Yeah, I could fix this. I'd initially forgotten that elem_len was an unsigned type and was trying to test it by passing a negative value. :-P


(Appears twice)

However, the check itself is also wrong – cf. below.

Hmmm. CFI_establish explicitly says that the elem_len has to be greater than zero. It seems somewhat confusing that it's inconsistent with the other functions that take an elem_len argument.

Talking about CFI_allocatable, there is also another bug in that function,
untouched by your patch:

 /* If the type is a character, the descriptor's element length is replaced
      by the elem_len argument. */
   if (dv->type == CFI_type_char || dv->type == CFI_type_ucs4_char ||
       dv->type == CFI_type_signed_char)
     dv->elem_len = elem_len;

The bug is that CFI_type_signed_char is not a character type.

Ha! I noticed the same thing and already posted a separate patch for that. :-P

https://gcc.gnu.org/pipermail/fortran/2021-July/056243.html

+  else if (unlikely (compile_options.bounds_check)
+       && type < 0)
Pointless line break.
+          fprintf (stderr, "CFI_establish: Extents must be nonnegative "
+               "(extents[%d] = %d).\n", i, (int)extents[i]);
+          return CFI_INVALID_EXTENT;
+        }

How about PRIiPTR + ptrdiff_t instead of %d + (int) cast? At least as positive value, extent may exceed INT_MAX.

Hmmm, there are similar problems in existing code in other functions in this file (e.g., CFI_section).

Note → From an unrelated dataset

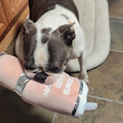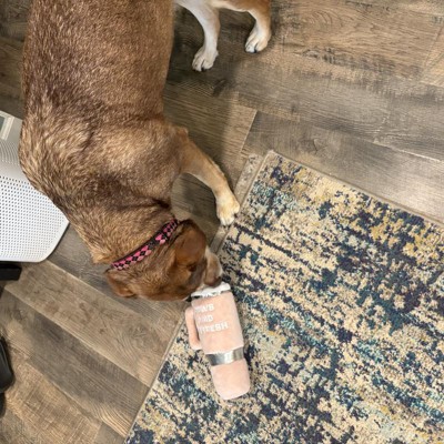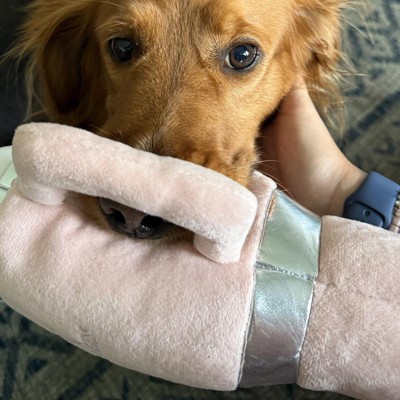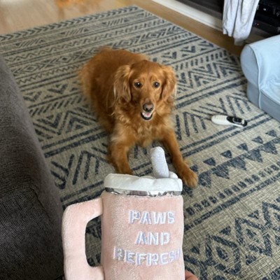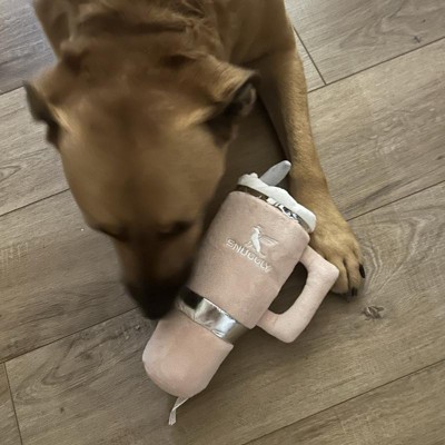 [This review was collected as part of a promotion.] This Snuggly Cup blush dog toy is such a fun and stylish find! The playful embroidered play on Stanley design is absolutely adorable, and the material feels high quality and durable. My pup loves the built-in squeaker and crackle sound—it keeps him entertained and engaged for quite a while. It's perfect for fetch, and snuggling. The handle is perfect for my smaller dog to just to carry around the houseand its entertaining to watch. This was much bigger than I expected so it would be great for large dogs as well. Plus, it’s machine washable, which is a huge bonus for keeping it fresh and clean. I love that it adds a little extra charm to his toy collection while being super functional. Highly recommend for dogs who love snuggly squeaky toys! I received an incentive to write this review.

+      if (source->attribute == CFI_attribute_other
+          && source->rank > 0
+          && source->dim[source->rank - 1].extent == -1)
+        {
+          fprintf (stderr, "CFI_setpointer: The source is a "
+               "nonallocatable nonpointer object that is an "
+               "assumed-size array.\n");

I think you could just check for assumed rank – without CFI_attribute_other in the 'if' and 'nonallocatable nonpointer' in the error message. Only nonallocatable nonpointer variables can be of assumed size (in Fortran); I think that makes the message simpler (focusing on the issue) and if the C user passes an allocatable/pointer, which is assumed rank, it is also a bug.

The wording of the message reflects the language of the standard:
"source shall be a null pointer or the address of a C descriptor for an allocated allocatable object, a data pointer object, or a nonallocatable nonpointer data object that is not an assumed-size array.